No Request Left Behind: Tackling Heterogeneity in Long-Context LLM Inference with Medha
Amey Agrawal, Haoran Qiu, Junda Chen, Íñigo Goiri, Chaojie Zhang, Rayyan Shahid, Ramachandran Ramjee, Alexey Tumanov, Esha Choukse
TL;DR
Medha tackles convoy effects in long-context LLM inference by combining fine-grained preemption, adaptive chunking, and a novel 3D parallelism stack (Stream Pipeline Parallelism and KV-Cache Parallelism) with a Length-Aware Relative Slack (LARS) scheduler. It demonstrates that chunked prefills can be efficient due to high arithmetic intensity, debunking KV-cache read amplification and enabling scalable preemptive inference with dynamic batching that respects SLOs. Across real workloads and large-scale GPU clusters, Medha delivers up to 5.7× throughput and dramatic reductions in median and tail latency (up to 30× and 174×, respectively) compared with non-preemptive baselines. The work provides a practical path to deploying heterogeneous, multi-million-token contexts in production, demonstrating that preemption is viable and beneficial for future large-context LLM serving.
Abstract
Deploying million-token Large Language Models (LLMs) is challenging because production workloads are highly heterogeneous, mixing short queries and long documents. This heterogeneity, combined with the quadratic complexity of attention, creates severe convoy effects where long-running requests stall short, interactive ones, degrading system responsiveness. We present Medha, a serving system that eliminates these convoys by introducing fine-grained, preemptive scheduling to LLM inference. Medha makes preemption practical with a co-designed set of mechanisms -- including Adaptive Chunking and Stream Pipeline Parallel that overcome the perceived inefficiencies and scaling challenges of chunking.
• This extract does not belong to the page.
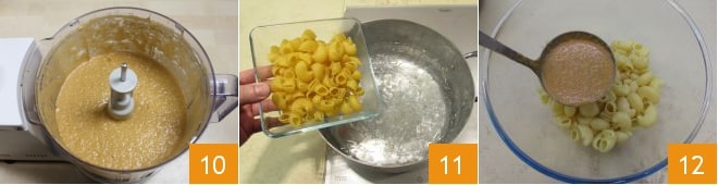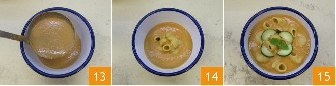 Bata novamente por alguns segundos até obter uma mistura lisa e homogênea 10. Então, deixe o gazpacho repousar por algumas horas. Entrementes, cozinhe as pipe rigate em uma panela com água fervente salgada a gosto 11. Em seguida, escorra al dente e esfrie o macarrão sob água corrente fria. Depois, escorra bem e transfira para uma tigela grande, despeje parte do gazpacho para temperar o macarrão 12.

Additionally, we present a new parallelism strategy KV-Cache Parallelism to reduce the decode latency and afford interactivity despite very long context. These mechanisms are orchestrated by a Length-Aware Relative Slack (LARS) scheduler, a deadline and heterogeneity-aware scheduling policy that prevents both the convoy effect and the starvation that plagues simpler policies. Under a heterogeneous workload, Medha improves throughput by 5.7x while reducing median and 99th percentile latency by 30x and 174x, respectively, compared to state-of-the-art non-preemptive systems.